15-17.XII.2011
Таинство прямой линии
(о Мастерской №1)
В 1-ую Мастерскую меня привёл Борис Владимирович Кетриц. Это было весной 1975 года. Я учился на 3-м курсе архитектурного факультета по специальности ГС и мне захотелось заняться чем-то более новым, чем учёба по специальности. Борис Владимирович (будучи другом нашей семьи) принял во мне горячее участие — и пригласил сначала к себе в комнату 324, где помещался Транспортный отдел Ленкомархитектуры, а Б. В. был главным специалистом (по-моему, по мостам, но по-настоящему он был главным спецом по общению со всеми именитыми людьми в этом и не только в этом здании). И он представил меня Жуковскому и Дынкину. Именно так — сразу двум. Они стояли на балюстраде, а я поднимался по роскошной парадной лестнице (сейчас это вход со стороны пл. Островского, 11).

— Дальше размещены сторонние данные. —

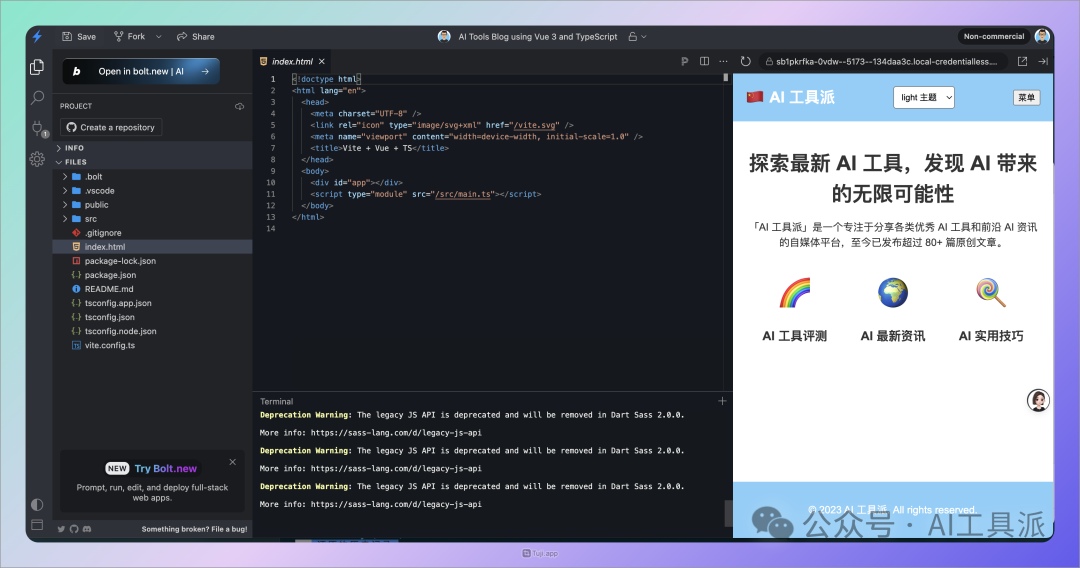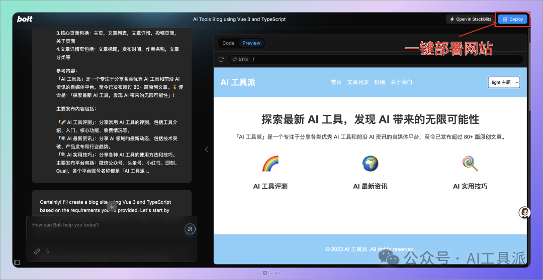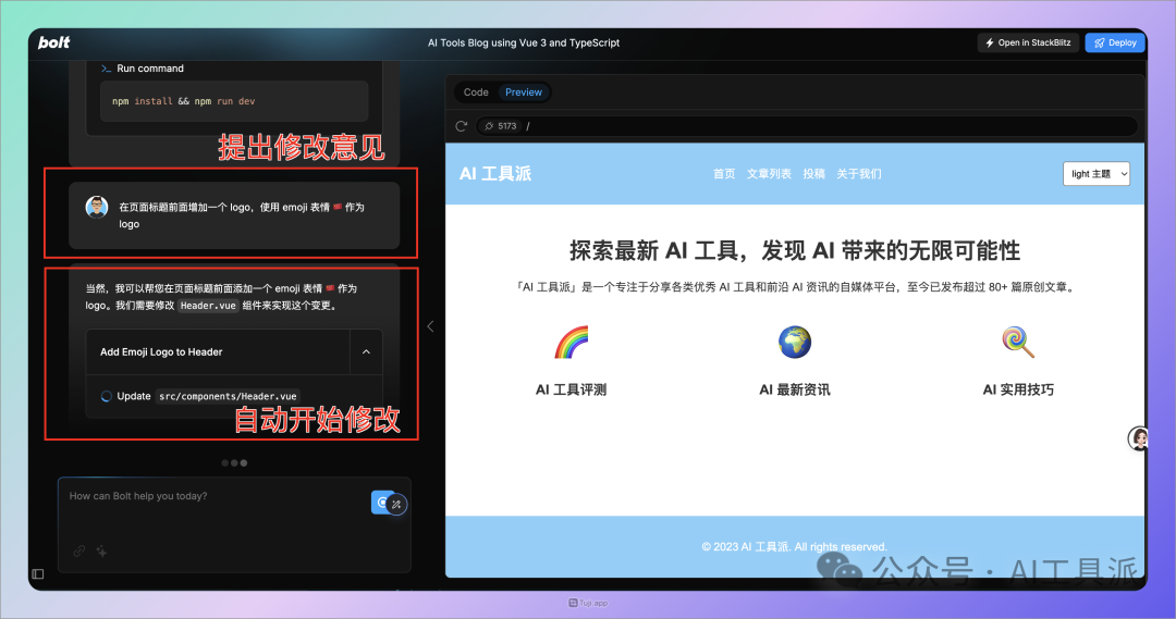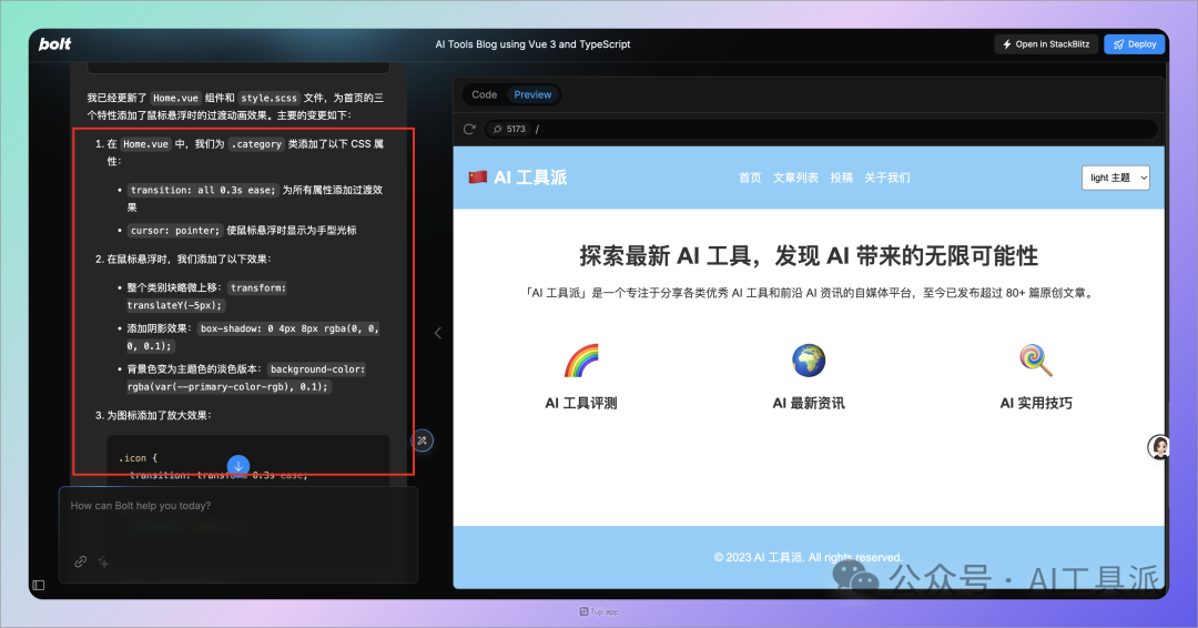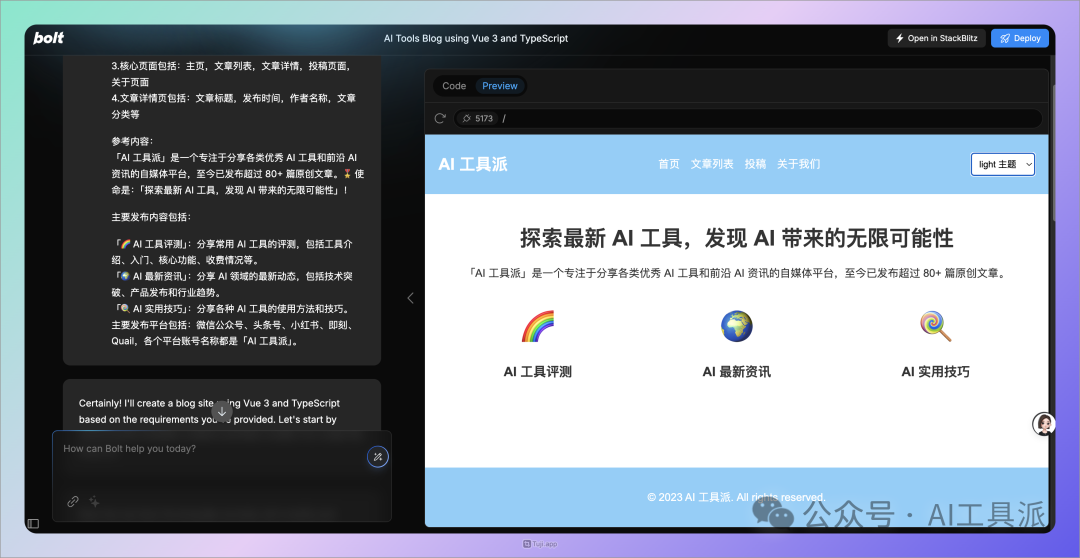 等待 Bolt 创建所有代码后,即可在右侧预览网页效果,还可以在左侧输入框中,通过提示词让 Bolt 对网页进行修改。

Мне дали работу по построению изолиний насыщенности центра Ленинграда стоящими автомобилями. Вхождение в Мастерскую, надо сказать, было крайне сложным мероприятием. Это же был алтарь (и в прямом, и в переносном смысле) — здесь появлялись на свет будущие районы и магистрали, здесь были схемы устройства метрополитеновских тоннелей, здесь обсуждались тайны городского мироздания. В общем, нужен был допуск, пропуск, форма и проч. Каким-то образом уговорили Галину Константиновну меня принять.
После преддипломной практики и окончания ЛИСИ в 1977 году я пришёл уже по распределению и получил стол в алтаре (каб. 51, где располагалась церковь) рядом с А.П. Жуковским. Чуть позже пришла Жанна Иванова (она в ту пору была Павлова) и быстро сложила стих «Жуковский стал как будто выше, когда работать начал с Мишей».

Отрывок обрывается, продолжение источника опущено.